Do you dispute the accuracy of Ichneumon's citations of the Galileo case in his #266? How do you not read that as a condemnation of science?
That amounts to hatred of science.
You can't change that by focusing on Galileo's (correct and moral) defiance of church authority. Many other scientists of the day agreed with Galileo privately. Galileo was brave and honest putting his scientific opinion on paper. That's why everybody knows his name, nobody knows which of the corrupt midevil popes was on the other side.
This is such serious malarky that it offends me. Galileo was expressing a technical opinion about the nature of the universe in disagreement with the church, which, for all practical purposes, was, at the time, also the state. And a pretty bloody arbitrarily powerful one at that.

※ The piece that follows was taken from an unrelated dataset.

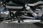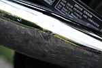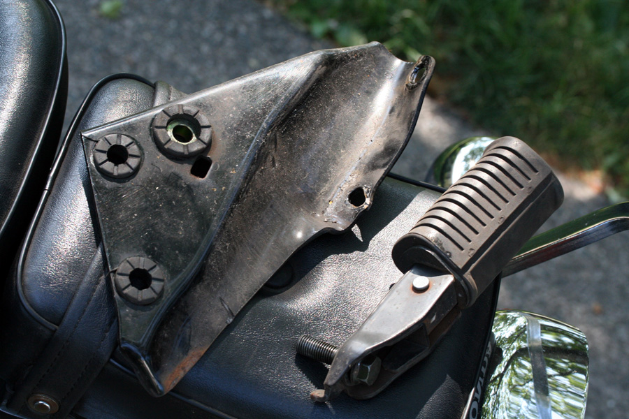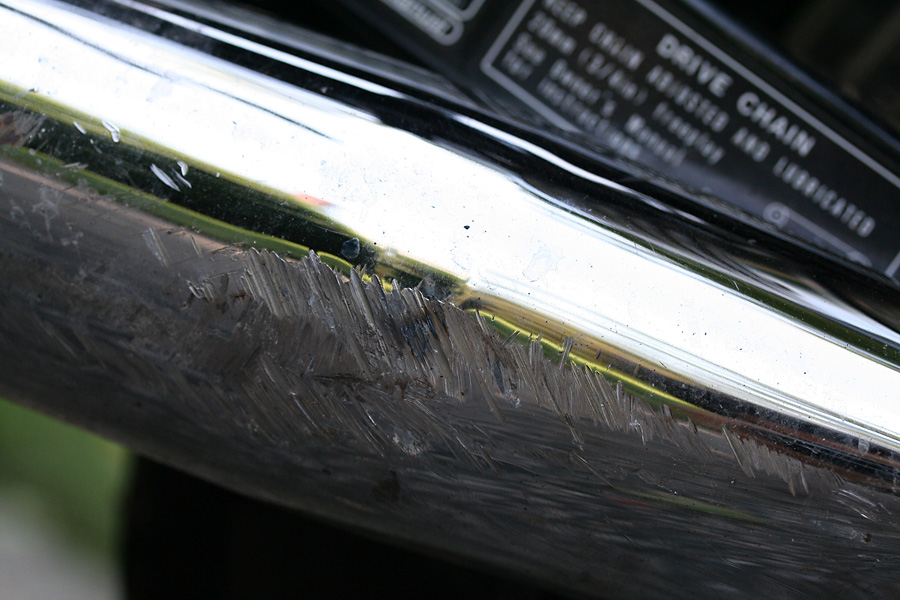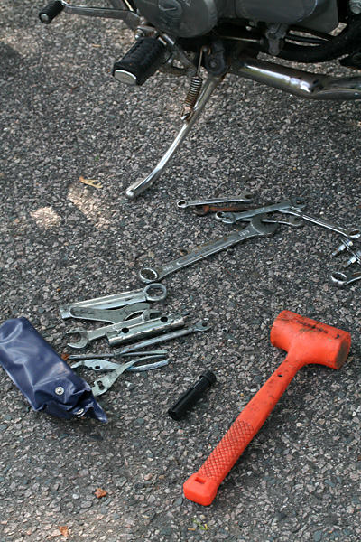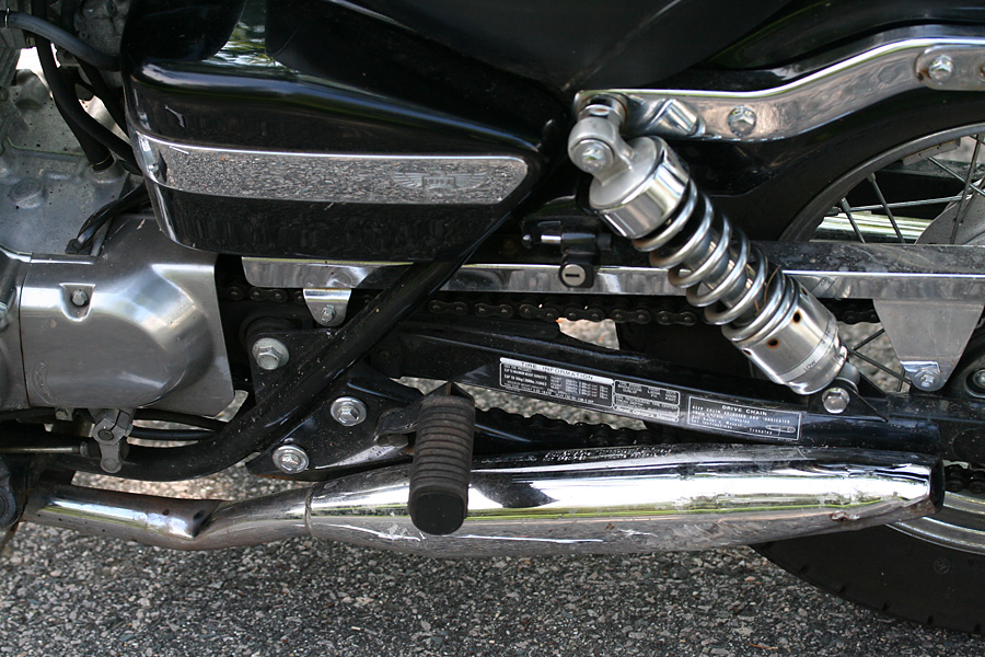 i got a chance to further examine the motorcycle when i arrived in belmont. i knew the left-side muffler was bent and pushed into the bike. what was causing that grinding sound was the noise of the drive chain rubbing up against the muffler bracket, also smooshed into the bike. i couldn't bend the muffler exhaust tube (chrome-plated steel, go figure) but if i could remove the muffler bracket then it wouldn't grind against the chain and i could theoretically ride my motorcycle again. it took a whole series of tools, banging on the muffler with a rubber mallet, crawling on my back to loosen a few nuts beneath the bike, greasing up my hands, bloodying a knuckle or two. after that was done, i washed the bike. although i could ride for short trips, the motorcycle definitely needs a visit to the mechanic, and i didn't want the bike to be dirty when it did. at least now there isn't a rush to get it fixed for riding, i can take a few days to sort out the insurance and claim adjustment. i was thinking i could finally get back into bicycling again, but i'll have time for that when the motorcycle goes into the shop for repairs.

The argument was most definitely and overwhelmingly about science, and the nature of the universe. And to charactarize anything Galileo might have said, no matter how intemperate, as an "attack" on the church is like accusing a flea of trying to attack an elephant.
You have some pretty odd sensibilities, to be touting conventional, conservative and polite rules of argumentation in one breath, and promulgating this very odd, rather senseless, and un-historical take on the Trial of Galileo, with no more apparent thought to defend it in detail than a sparrow has for quantum mechanics. I believe I'll ask you to quit offering us instructions on proper argumentation.